Text: Gerald E. Gerber, “Milton and Poe’s ‘Modern Woman’,” Poe Newsletter­, December 1970, vol. III, no. 2, 3:25-26


[page 25, column 1:]

Milton and Poe’s “Modern Woman”

Duke University

Poe’s criticism of literary ladies, although quantitatively a small part of his treatment of women, has not lacked scholarly comment (1). The art of the satire of the female writer in “How to Write a Blackwood Article” (1845; previously entitled “The Psyche Zenobia” [1838] and “The Signora Zenobia” [1840]) and “A Predicament” (1845; previously entitled “The Scythe of Time” [1838, 1840]), however, has not received the attention it deserves (2). In this regard, Milton, who thought that woman was naturally inferior to man (3), is a very appropriate but little recognized point of reference. Thomas McNeal has suggested only that the earlier title, “The Scythe of Time,” comes from Paradise Lost (Bk. X, 11.605-6) (4). And Thomas P. Haviland, in his rather thorough discussion of Poe’s knowledge and use of Milton, says only that the epigraph for “A Predicament” was taken from “Comus” (5). In this note I want to suggest that Poe finds Milton a convenient source of material for the exposure of the Signora Psyche Zenobia, the heroine of the two tales. As corresponding secretary to the Philadelphia, Regular, Exchange, Tea, Total, Young, Belles, Lettres, Universal, Experimental, Bibliographical, Association, To, Civilize, Humanity (the P.R.E.T.T.Y.B.L.U.E.B.A.T.C.H.), she is obviously a young literary lady on the go. The Miltonic aspects of the tales emphasize the error of this modernity.

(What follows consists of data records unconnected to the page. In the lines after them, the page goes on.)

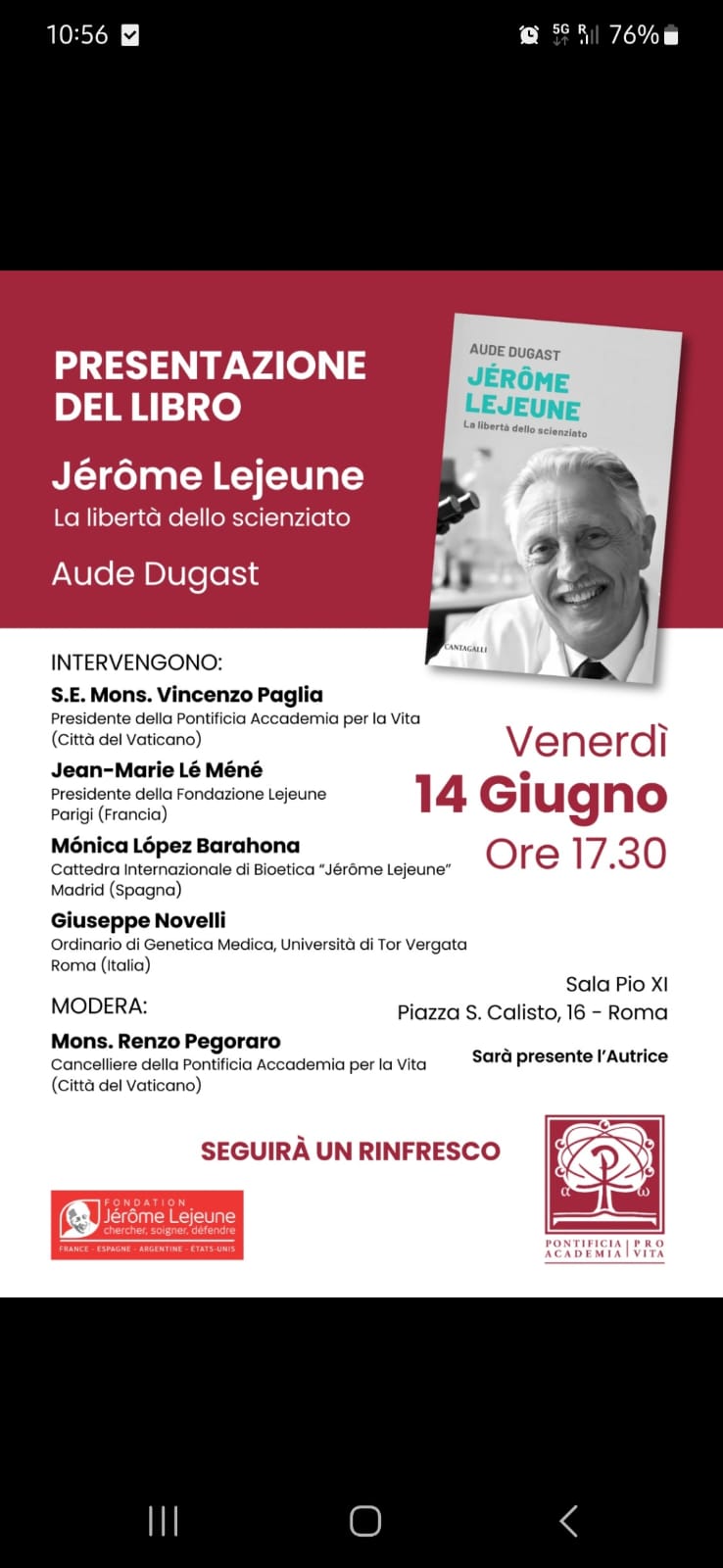 BIBLIONEWS | JEROME LEJEUNE LA LIBERTA’ DELLO SCIENZIATO DI AUDE DUGAST | ROMA 14 GIUGNO 2024
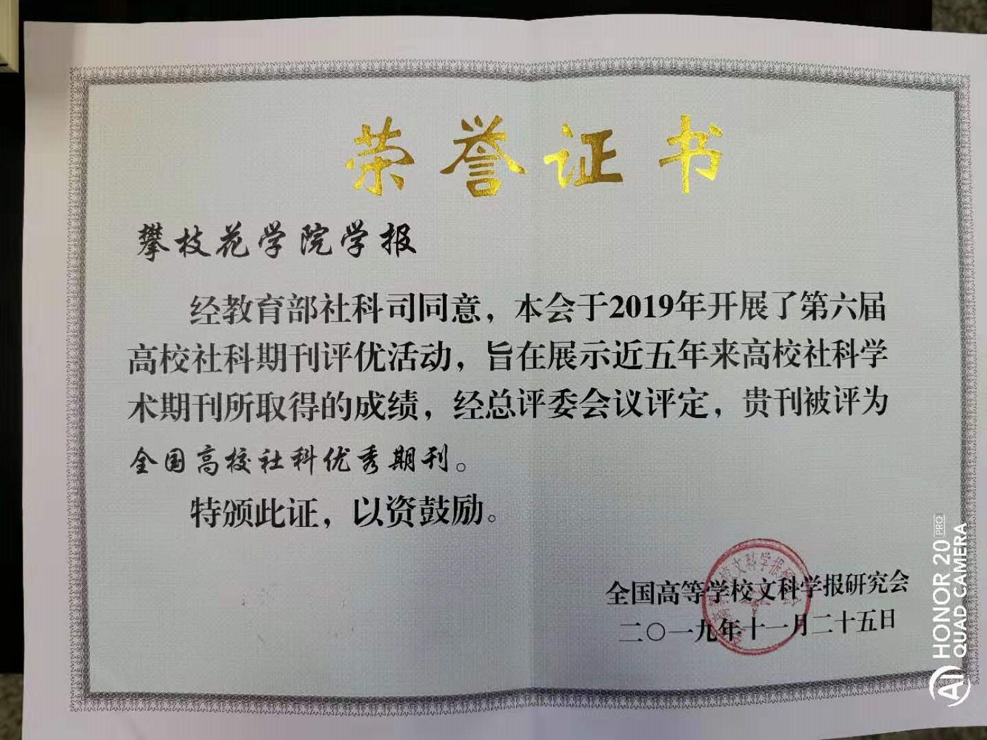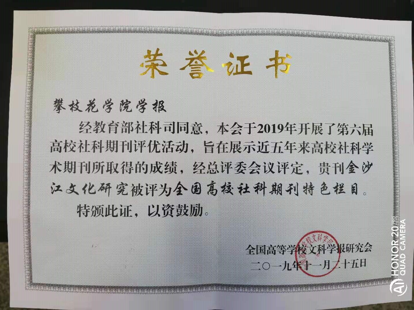 在2019年全国高校文科学报研究会第六届高校社科期刊评优活动中,《攀枝花学院学报》被评为“全国高校社科优秀期刊”,学报“金沙江文化研究”栏目被评为“全国高校社科期刊特色栏目”。
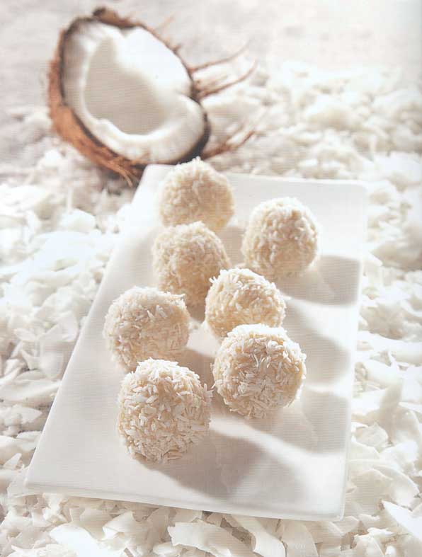 Use a teaspoon to dole out the praline mixture and roll into balls. Coat the pralines with the shredded coconut.

Poe’s “A Predicament,” which is Zenobia’s narration of a “desperate” experience suitable for the subject of a Blackwood article, and Milton’s “Comus” are related not only because Poe added the epigraph — “What chance, good lady, hath bereft you thus?” — in the revision of the tale. The two works are similar, first, of course, in the situation represented: both deal with ladies in distress. Second, there are thematic similarities. “Comus” is about the security of the virtuous mind in threatening circumstances (of violence and wrong) (6). With heaven’s aid, the lady proves superior to the “chance” that separates her from her brothers and brings her before Comus, who attempts to pervert her “wel-govern ’d and wise appetite.” Zenobia has no such power to govern her appetite. From the moment that she chances by the cathedral and is swept into it by “an uncontrollable desire,” she is subject to the whim of circumstance (or “fate” or “destiny,” as she refers to her adversary). Attendants (dramatic or spiritual) appear in both works. In “Comus” the lady feels properly protected because she is attended by “a strong siding champion Conscience,” “pure-ey ’d Faith,” “white-handed [column 2:] Hope,” and “thou unblemish ’t form of Chastity” (7). She believes that “the Supreme good” would send “a glistring Guardian if need were / To keep my life and honour unassail ’d.” Zenobia, in her own adventure, is attended only by Diana, a tiny poodle, and by Pompey, a three-foot, aged, bow-legged, corpulent Negro servant. When she is swept into the door of the cathedral to her predicament, she exclaims, “Where then was my guardian angel? — if indeed such angels there be.”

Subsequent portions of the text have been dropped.